Morphological operations

Morphology is the study of shapes. In image processing, some simple operations can get you a long way. The first things to learn are erosion and dilation. In erosion, we look at a pixel’s local neighborhood and replace the value of that pixel with the minimum value of that neighborhood. In dilation, we instead choose the maximum.

import numpy as np
from matplotlib import pyplot as plt, cm
import skdemo

image = np.array([[0, 0, 0, 0, 0, 0, 0],
                  [0, 0, 0, 0, 0, 0, 0],
                  [0, 0, 1, 1, 1, 0, 0],
                  [0, 0, 1, 1, 1, 0, 0],
                  [0, 0, 1, 1, 1, 0, 0],
                  [0, 0, 0, 0, 0, 0, 0],
                  [0, 0, 0, 0, 0, 0, 0]], dtype=np.uint8)
plt.imshow(image);

The documentation for scikit-image's morphology module is here.

Importantly, we must use a structuring element, which defines the local neighborhood of each pixel.

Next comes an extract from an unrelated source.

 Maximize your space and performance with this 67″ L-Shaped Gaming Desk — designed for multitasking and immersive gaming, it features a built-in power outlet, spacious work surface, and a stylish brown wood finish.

To get every neighbor (up, down, left, right, and diagonals), use morphology.square; to avoid diagonals, use morphology.diamond:

from skimage import morphology
sq = morphology.square(width=3)
dia = morphology.diamond(radius=1)
print(sq)
print(dia)

The central value of the structuring element represents the pixel being considered, and the surrounding values are the neighbors: a 1 value means that pixel counts as a neighbor, while a 0 value does not. So:

skdemo.imshow_all(image, morphology.erosion(image, sq), shape=(1, 2))

and

skdemo.imshow_all(image, morphology.dilation(image, sq))

and

skdemo.imshow_all(image, morphology.dilation(image, dia))

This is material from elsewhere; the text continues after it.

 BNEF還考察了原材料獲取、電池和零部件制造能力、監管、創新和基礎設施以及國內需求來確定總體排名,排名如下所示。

Erosion and dilation can be combined into two slightly more sophisticated operations, opening and closing. Here's an example:

image = np.array([[0, 0, 0, 0, 0, 0, 0, 0, 0, 0],
                  [0, 0, 0, 0, 0, 0, 0, 0, 0, 0],
                  [0, 0, 1, 1, 1, 1, 1, 1, 0, 0],
                  [0, 0, 1, 1, 1, 1, 1, 1, 0, 0],
                  [0, 0, 1, 1, 1, 1, 1, 1, 0, 0],
                  [0, 0, 1, 1, 1, 0, 0, 1, 0, 0],
                  [0, 0, 1, 1, 1, 0, 0, 1, 0, 0],
                  [0, 0, 1, 1, 1, 0, 0, 1, 0, 0],
                  [0, 0, 1, 1, 1, 1, 1, 1, 0, 0],
                  [0, 0, 1, 1, 1, 1, 1, 1, 0, 0],
                  [0, 0, 1, 1, 1, 1, 1, 1, 0, 0],
                  [0, 0, 0, 0, 0, 0, 0, 0, 0, 0],
                  [0, 0, 0, 0, 0, 0, 0, 0, 0, 0]], np.uint8)
plt.imshow(image);

What happens when run an erosion followed by a dilation of this image?

What about the reverse?

Try to imagine the operations in your head before trying them out below.

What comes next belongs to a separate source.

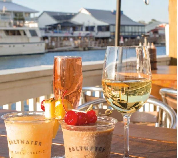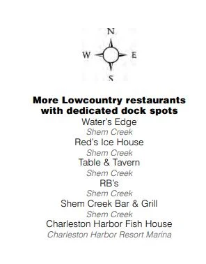 Creek classic Vickery’s is a community standby, with sand and tiki torches at its lowerlevel Muddy’s Dock Bar and dining space framed by palm fronds upstairs. We love the Rum Chum cocktail and the Bourbon Butter Shrimp. While Vickery’s doesn’t have dedicated dock space, the picturesque boardwalk to and from Shem Creek Park provides plenty of opportunity to zen out and observe marsh life.

skdemo.imshow_all(image, morphology.opening(image, sq)) # erosion -> dilation

skdemo.imshow_all(image, morphology.closing(image, sq)) # dilation -> erosion

Exercise: use morphological operations to remove noise from a binary image.

from skimage import data, color
hub = color.rgb2gray(data.hubble_deep_field()[350:450, 90:190])
plt.imshow(hub);

Remove the smaller objects to retrieve the large galaxy.